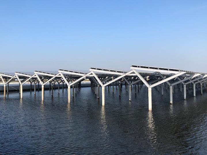 此外,考量實際養殖操作上可能會遇到相關問題,如設置浮動式光電板的魚塭如何曬池等,因此該所於臺南七股與雲林臺西規劃建置總面積廣達20公頃的漁電共生育成基地,提供綠能業者與農企業進駐,期在該所研究人員就近協助下,迅速解決遭遇之課題。
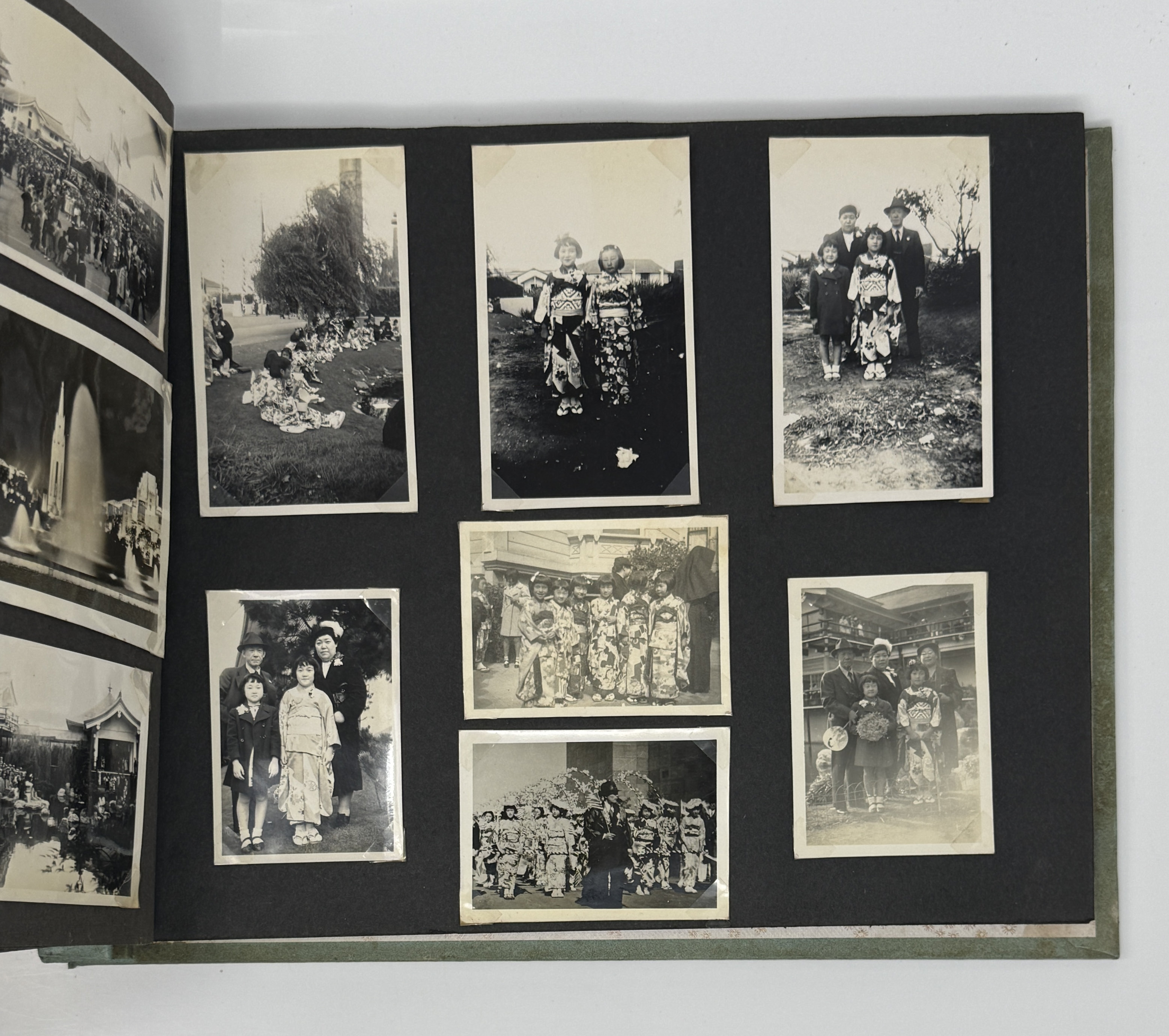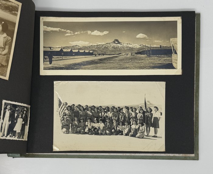 The family shown visiting California World’s Fair in San Francisco Bay on Treasure Island in 1939. The Japanese American procession is photographed in traditional attire, carrying American flag, as well as Japanese pavilion. One photo shows family photographed next to three Japanese sailors, likely from Japanese steamer SS Korea Maru - the only time the family traveled back to Japan was on this steamer in 1931. Two photos are from Heart Mountain camp: a panoramic view of the camp and the Girl Scout group photo of the camp with the flag of the group and the American flag.
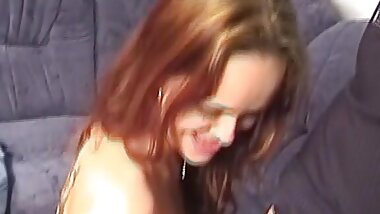 "A slim German lady gets her face covered with cum after some amazing cock riding"
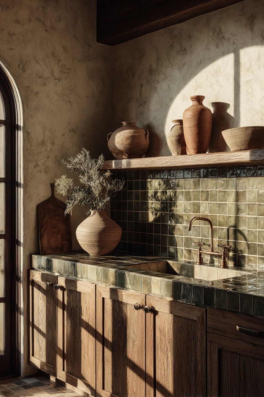 Olive Tile Backsplash for a Mediterranean Style Kitchen Inspiration
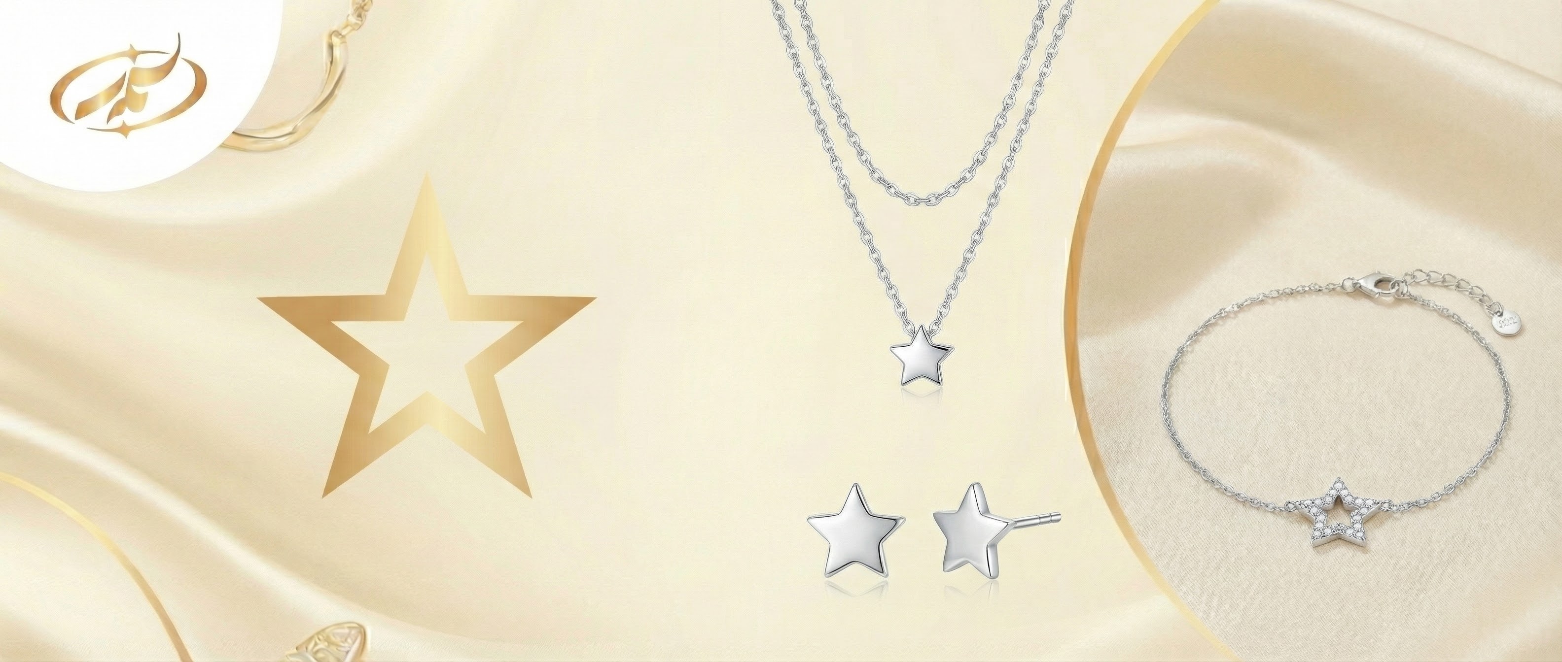 النجمة في المجوهرات غالبًا ما ترمز إلى الأمل، الأحلام، والهداية – كأنها تذكير داخلي بأن تتبعي "نجمتك الخاصة" في الحياة.
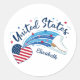 Design patriótico para patinadores de figuras americanos, dançarinos de gelo, patinadores sincronizados e patinadores de pares. Pode ser dado como presente de aniversário ou de Natal ao seu melhor amigo, membro da família, namorado ou namorada que é fã de patinar figuras nos EUA. A design também se adequa a tempo a competições de patinação artística e campeonatos. A design mostra a bandeira americana, estrelas, corações, uma bota branca de patinagem e texto que diz "Estados Unidos". Ele pode ser personalizado adicionando seu próprio nome ou texto.

- WHAT TO DO
Each line above must be set down exactly, though no picture should be carried over.

- RESULT FOR THIS EXERCISE
 此外,考量實際養殖操作上可能會遇到相關問題,如設置浮動式光電板的魚塭如何曬池等,因此該所於臺南七股與雲林臺西規劃建置總面積廣達20公頃的漁電共生育成基地,提供綠能業者與農企業進駐,期在該所研究人員就近協助下,迅速解決遭遇之課題。
 The family shown visiting California World’s Fair in San Francisco Bay on Treasure Island in 1939. The Japanese American procession is photographed in traditional attire, carrying American flag, as well as Japanese pavilion. One photo shows family photographed next to three Japanese sailors, likely from Japanese steamer SS Korea Maru - the only time the family traveled back to Japan was on this steamer in 1931. Two photos are from Heart Mountain camp: a panoramic view of the camp and the Girl Scout group photo of the camp with the flag of the group and the American flag.
 "A slim German lady gets her face covered with cum after some amazing cock riding"
 Olive Tile Backsplash for a Mediterranean Style Kitchen Inspiration
 النجمة في المجوهرات غالبًا ما ترمز إلى الأمل، الأحلام، والهداية – كأنها تذكير داخلي بأن تتبعي "نجمتك الخاصة" في الحياة.
 Design patriótico para patinadores de figuras americanos, dançarinos de gelo, patinadores sincronizados e patinadores de pares. Pode ser dado como presente de aniversário ou de Natal ao seu melhor amigo, membro da família, namorado ou namorada que é fã de patinar figuras nos EUA. A design também se adequa a tempo a competições de patinação artística e campeonatos. A design mostra a bandeira americana, estrelas, corações, uma bota branca de patinagem e texto que diz "Estados Unidos". Ele pode ser personalizado adicionando seu próprio nome ou texto.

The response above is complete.